Sourcing Manager

Division: Medical Services and PV

Department: Medical Affairs

Employment Type: Permanent

Job Purpose: Assisting the Drug Safety Manager in ensuring that the Company is at all times compliant with the relevant laws, regulations, and guidelines that govern drug safety and for establishing and maintaining the drug safety system so that information regarding all suspected adverse reactions reported to Company employees is collected and collated to be accessible for an overall view.

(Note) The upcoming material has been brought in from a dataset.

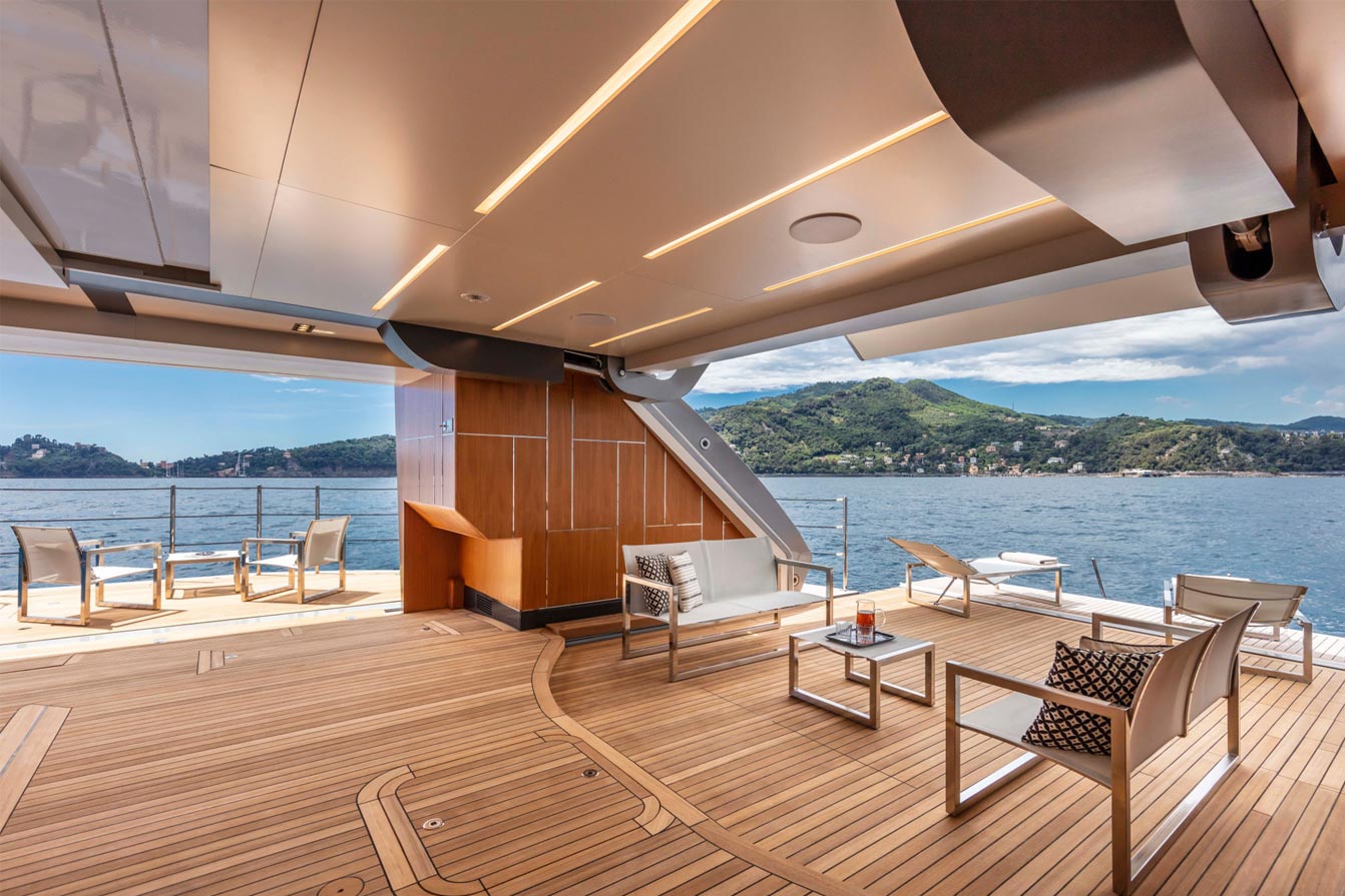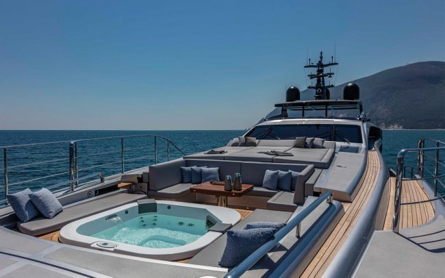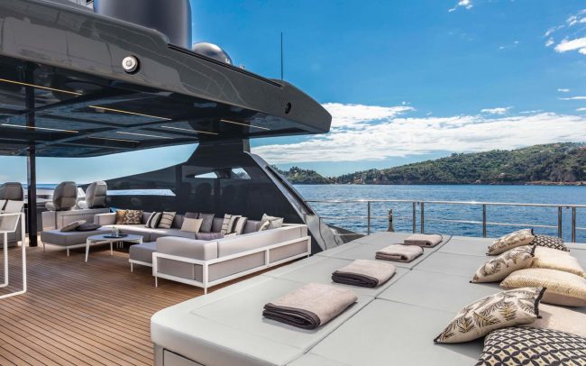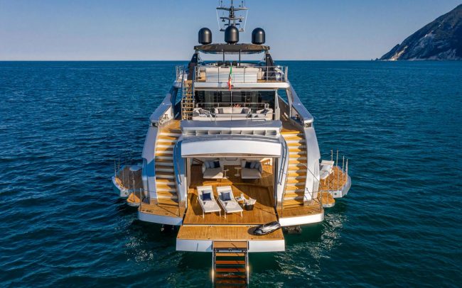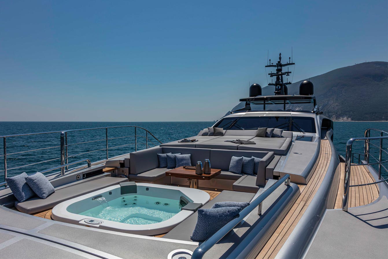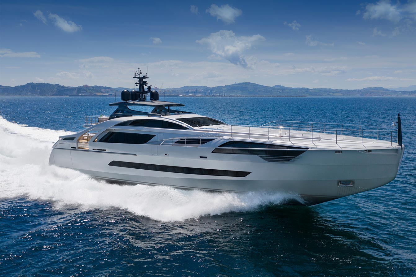 The ultimate expression of the Pershing thrill. The Pershing 140 is not only Pershing’s first all-aluminum superyacht. It is also the first yacht with a raised helm station directly connected to the sun deck. It is the first to set the area dedicated to the owner on the main deck and is also the first to have a beach area that can open fully on three sides.

In the absence of the Drug Safety Manager, assume the responsibilities of the DSM as the Deputy.

Accountabilities

1. Pharmacovigilance (PV): Understand various functions of PV and operational aspects. Assist with day-to-day PV operational activities. Understand ICSRs (Individual Case Safety Reports) management and assessment as per internal procedures. Act as case owner for assigned ICSRs to ensure accurate completion of data entry (DE), data review (DR), and regulatory reporting (RR), in line with company SOPs. Ensure the maintenance of a high standard of care quality processing. Follow-Up on all AE / ADR related queries received from spontaneous / solicited reports within the timelines specified in company SOPs. Update RMP implementation tracking and compile safety sales data on request. Highlight any safety-related issues to the attention of the management team. Assist in conducting reconciliation of all adverse event reports received by PV from internal (QA / MI and ACC) and external stakeholders. Support with the preparation and implementation of PV SOPs. Assist in raising and closing out all CAPAs, Deviations, and Actions on time as per internal company SOPs.
2. Understand SDEA obligations: Ensure all aspects under agreements are duly executed.
3. Support the continuous development and improvement of the PV function while upholding Cipla core values.
4. Understand signal management processes and conduct signal detection activities.
5. Serve as Regulatory Intelligence specialist for the PV function.
6. Comply with the requirements set out in the PVA / SDEA's.
7. Identify and develop key relationships with Cipla global.
8. Leverage compliance expertise and alignment with Global Drug Safety.
9. Responding and assisting to ad hoc business requests.
10. Undertake research on a variety of tasks and projects and present findings in a confident and professional manner.
11. Complete Performance Reviews.
12. Raise and review Change Controls for safety variations, etc.
13. Assist in training all Cipla employees and distributors/service providers on Pharmacovigilance and act as the learning management system administrator for PV.
14. Assist with review and compilation of SDEAs.

Education Qualification

Passed and Completed Tertiary Degree: Degree or Diploma in Health Sciences.

Relevant Work Experience

1-3 years in Pharmacovigilance or Medical Affairs.

Competencies / Skills

Collaborate to Succeed, Strong Domain Knowledge, Innovate to Excel, Lead with Empathy, Perform with Accountability, People Management, Act with Agility.

Employment Equity: Cipla is an Employment Equity employer, and this position will be filled based on our Employment Equity Plan.